Peki bu durum hangi etkenlerden ileri gelmiştir?

Düşüşün nedenleri olarak dolardaki küresel güçlenmeyi öne sürebiliriz, ancak, Türkiye ekonomisinin temel sorunları bu durumda daha belirleyici olmuştur.
Sıralama yaparsak şu etkenleri öne sürebiliriz;

1- Son dönemde oluşan belirsizlik ve güvensizlikler.

2. Yüksek enflasyon, artan borçlar ve cari açık

3. Merkez Bankası’nın faiz kararlarının sorgulanması

4. Reel faizlerdeki düşüş ve ABD’de para politikasındaki normalleşme

5. Ticaret savaşları, ABD yaptırımları ve yatırımcının riskli bulduğu gelişen ülkelerden çıkması

Enflasyonun artışının da, TL’nin diğer paralara göre sürekli değer yitirişinin de, işsizliğin artmasının da gerisindeki en temel neden EKONOMİNİN DIŞA BAĞIMLILIĞI dır.
Bu bağımlılık hammadde olarak, aramalı olarak, enerji ve teknoloji olarak hep maliyet enflasyonunu besler.

Sonuç olarak, ekonominin üretkenlik potansiyelini keşfedeci ve harekete geçirici politikalara yönelmek zorunludur.
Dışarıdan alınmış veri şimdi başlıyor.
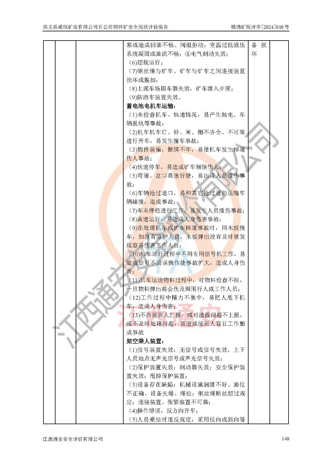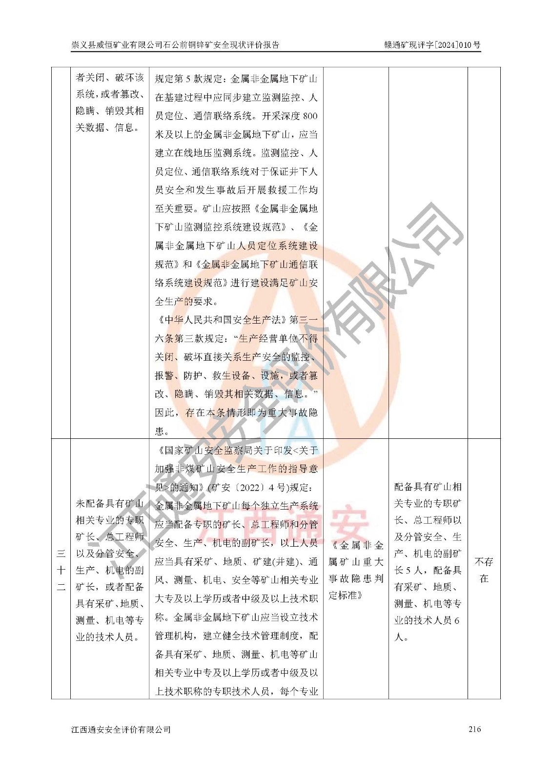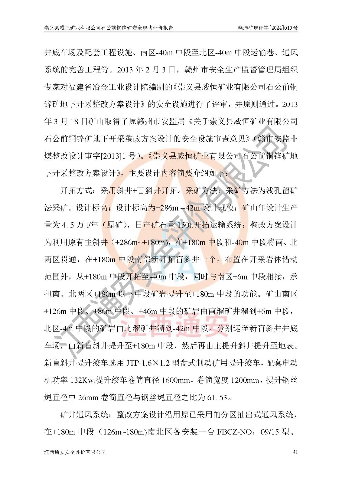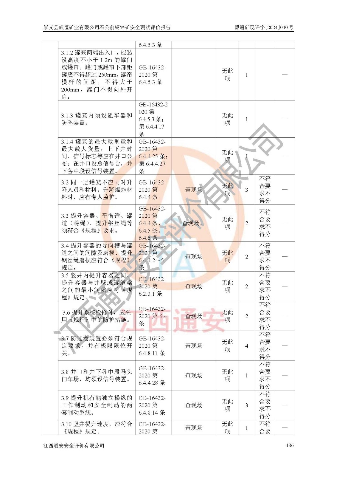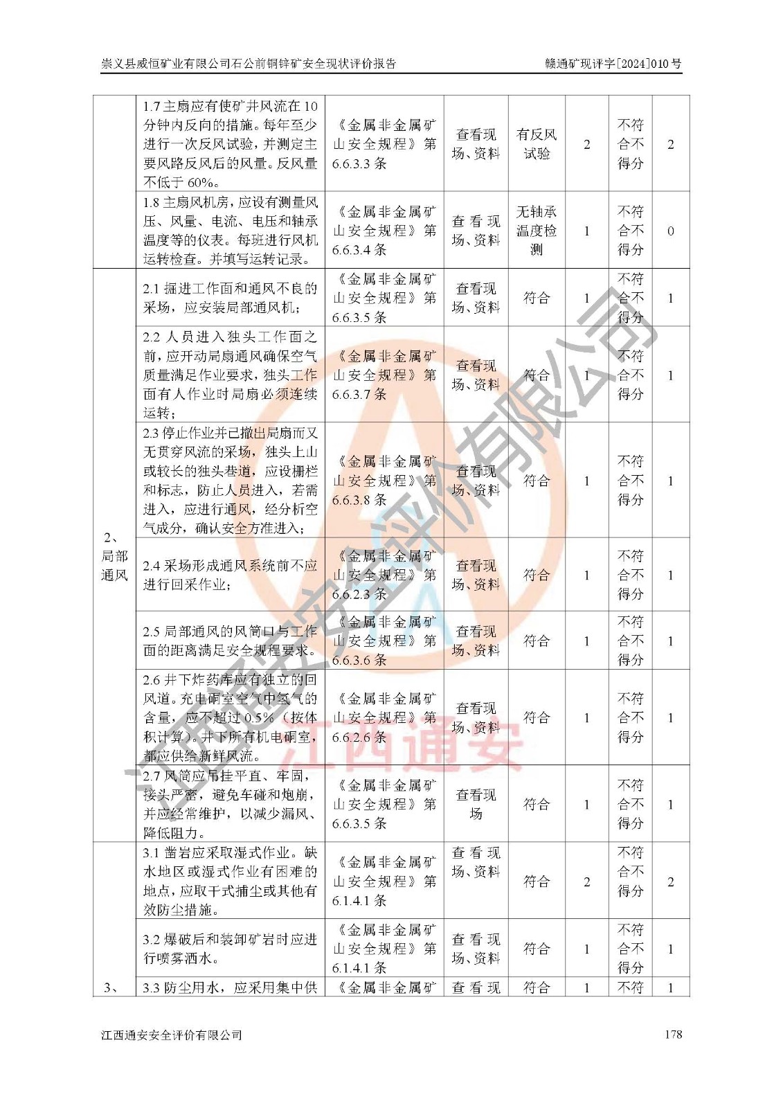 其它 | 崇義縣威恒礦業(yè)有限公司石公前銅鋅礦的主要生產(chǎn)及輔助系統(tǒng):提升運輸、排水、供配電、通風(fēng)、供風(fēng)、采掘、安全避險“六大系統(tǒng)”等基本符合法律法規(guī)要求和規(guī)程、規(guī)范要求;各種危險有害因素及不可接受的風(fēng)險在運行中認(rèn)真落實行之**的技術(shù)措施或管理措施,嚴(yán)格按規(guī)程,按要求加強管理,可以避免和控制各類事故,**安全生產(chǎn)。現(xiàn)階段礦山設(shè)備、設(shè)施和場所符合**安全生產(chǎn)有關(guān)法律、法規(guī)、標(biāo)準(zhǔn)及規(guī)范的規(guī)定。礦山采用斜井+盲斜井聯(lián)合開拓方式,安全生產(chǎn)條件一般;安全管理能滿足法規(guī)要求,礦山地下開采符合**規(guī)定的安全生產(chǎn)條件。 | ||||

Kaynaklarımızı, oluşan katma değerlerimizi mutlaka üretken alanlara yöneltmeliyiz.
Aralıksız biçimde ÖZ PEŞİNDE olmak gerek.

Bu öz; yerel kaynaklar, ulusal değerler, iç dünyalarımızın asırlık güzellikleri, tarih ve coğrafyamızın binlerce yıllık yoğrulmuş medeniyet bileşimleri olduğu kadar, gelecek güzel günlere olan umutlar, güneş ülkesi olmamızın aydınlatıcı sevinçleri ve motorları maviliklere sürme bilincimizdir.